Not an auspicious beginning.
It took me about five minutes of fiddling with the search function to bring up all the Super 1 stores in the Pacific Northwest and then drill down to find ours. Once I was in the correct store, I started searching for what I needed, only to discover that some of the items listed as being on sale in the weekly ad were not on sale in the app.
At that point, I decided it would be faster for me to go into the actual store and find what I need than to spend the time wrestling with the ordering app.
[Some of my Kalispell peeps have since given me tips for using that app and others suggested a different store with a better online ordering program.]
Armed with a bottle of hand sanitizer, some gloves, and a mask, I headed out at 7:30 yesterday morning in an attempt to miss any crowds. The farm store was great. I pulled up at the loading door in back and they wheeled out my order and loaded it into the car for me. Done and done.
I dropped off a batch of masks at the gym near the hospital which has been designated as the collection site.

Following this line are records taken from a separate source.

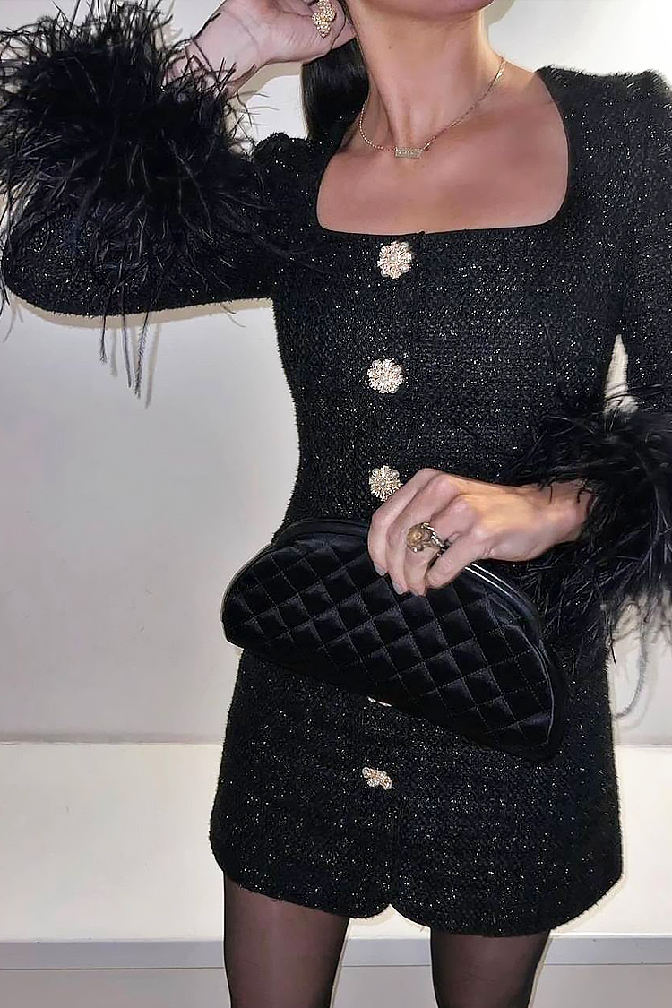 - Κοντό φόρεμα με κομψό σχεδιασμό, κατάλληλο για διάφορες περιστάσεις και ειδικές εκδηλώσεις.
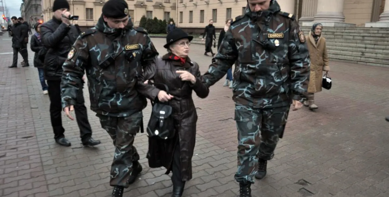 Кроме того, ОМОНовцы задержали активистку Нину Богинскую и еще одну женщину, которая представилась как "подруга задержанного по "делу боевиков" Волкова".
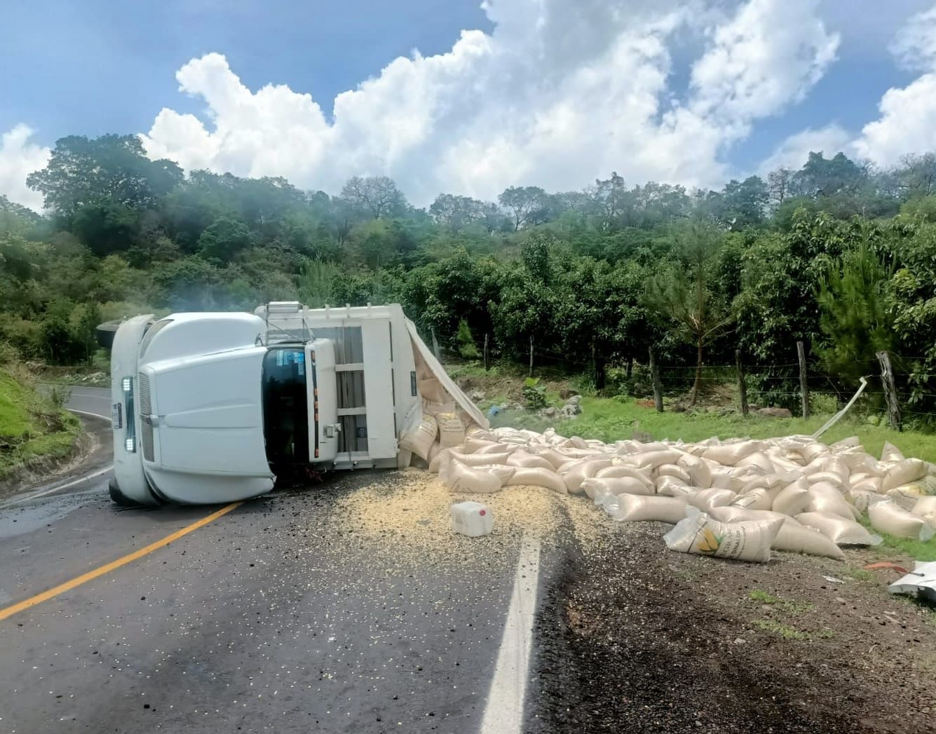 En el tramo carretero que conduce de Peribán a Buenavista, un tractocamión que transportaba maíz volcó en una curva, por lo que los agentes de vialidad acudieron a abanderar la zona, el cual después de consultar su documentación se confirmó que contaba con reporte de robo.

And I went to the grocery store. It was, thankfully, mostly deserted. They are still out of rice, beans, and toilet paper (none of which I needed) but had plenty of produce and the other stuff on my list. The store has installed Plexiglas barriers between customers and cashiers. I got in and out of there relatively quickly.
The whole trip was rather surreal. Traffic at that time of the morning is usually bumper-to-bumper coming in from the east side of the valley, but not these days. There were very few cars on the road. Restaurants that would normally be doing a brisk breakfast service were closed.
I have lots of thoughts, but I’ll save those for future blog posts.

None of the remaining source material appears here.